Shell Lesson 18 of 42

File Operations at Scale: rsync, find -print0, Atomic Writes & Parallel-Safe Patterns — When `cp -r` Stops Being Enough

cp -r and for f in * work for tens of files. They break around the time you have:

This lesson covers the tools that handle all those cases:

By the end you’ll handle 1TB volumes confidently and never lose data to “the script died half-way through.”


1. rsync — the Unix copy tool you should be using

rsync is “smart cp”: it figures out what’s changed since last time and only transfers the differences. For local copies it’s competitive with cp. For remote copies it’s typically 10-100x faster on incremental transfers.

The canonical local copy

rsync -aP /source/ /dest/

The trailing / on source matters. rsync -a /src/ /dst/ copies the contents of /src into /dst. rsync -a /src /dst/ copies /src itself into /dst (creating /dst/src).

rsync -aP /src/ /dst/        # /src/foo → /dst/foo
rsync -aP /src  /dst/        # /src/foo → /dst/src/foo

This is the most common rsync mistake. Always think about whether you mean “copy contents” or “copy the dir itself.”

The canonical remote copy

rsync -azP /source/ user@host:/dest/

For very fast LAN transfers, omit -z (CPU is the bottleneck, not bandwidth).
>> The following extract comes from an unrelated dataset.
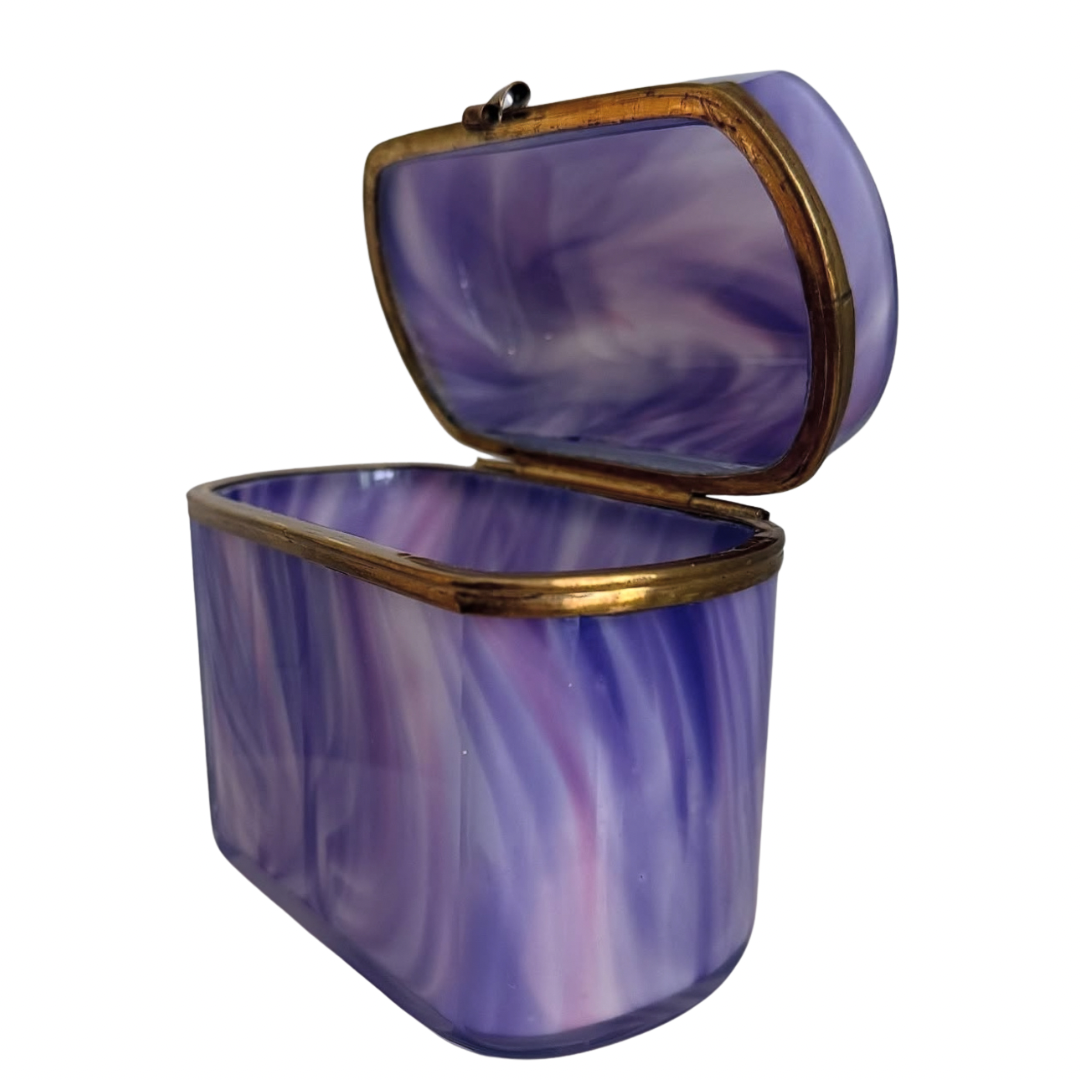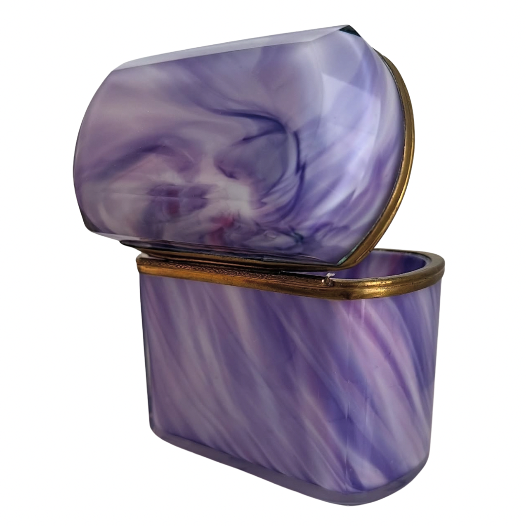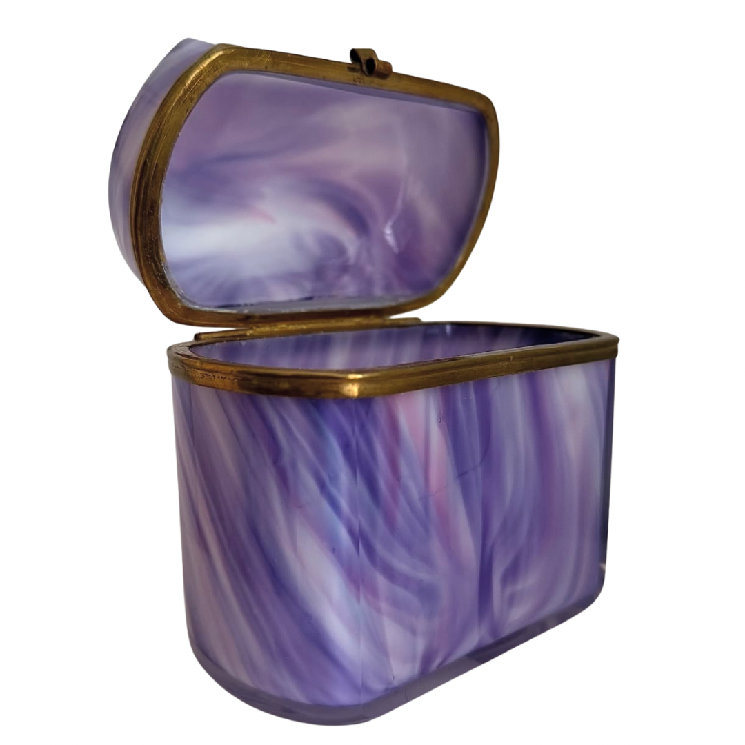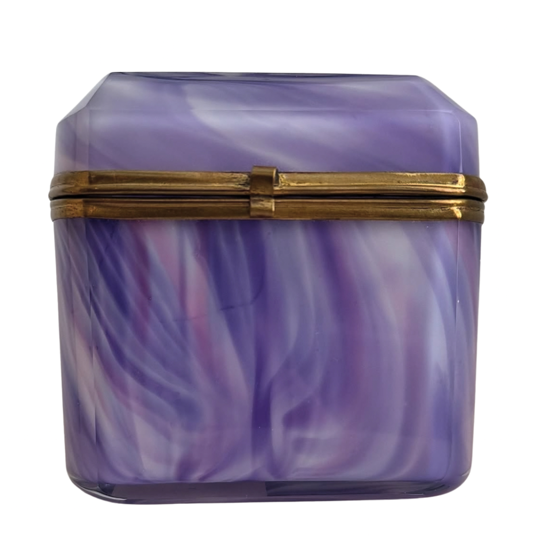 Circa 1880–1910, this casket captures the fascination with “agate glass,” a decorative glass designed to mimic the depth and movement of stone while retaining the luminosity of glass. Its swirling hues of lavender, violet, and soft white imitate the veining of natural agate.
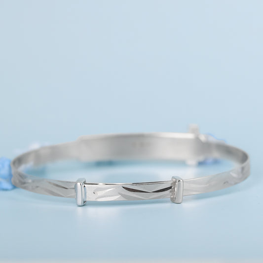Solid 9ct White Gold Baby / Kids CZ Cross Expandable ID Bangle

--delete — make destination match source

rsync -aP --delete /source/ /dest/

Files in /dest/ that aren’t in /source/ are deleted. Use carefully — you can wipe the target if you fat-finger arguments. Always test with --dry-run first:

rsync -aPn --delete /source/ /dest/    # -n = --dry-run; just print what would happen

Always do this on first run with --delete.

--exclude and --include

rsync -aP --exclude='*.log' --exclude='node_modules/' /src/ /dst/

Patterns are checked against the path relative to the source root. --exclude='*.log' matches any .log file at any depth. --exclude='/cache/' matches only top-level cache/.

For complex rule sets, use --exclude-from=FILE:

# .rsync-excludes
node_modules/
.git/
*.log
*.tmp
__pycache__/
rsync -aP --exclude-from=.rsync-excludes /src/ /dst/

--link-dest — incremental snapshots

This is rsync’s killer feature. Hard-link files unchanged from a previous backup, only copying changed ones. Result: each “snapshot” appears full but actually shares disk with the previous.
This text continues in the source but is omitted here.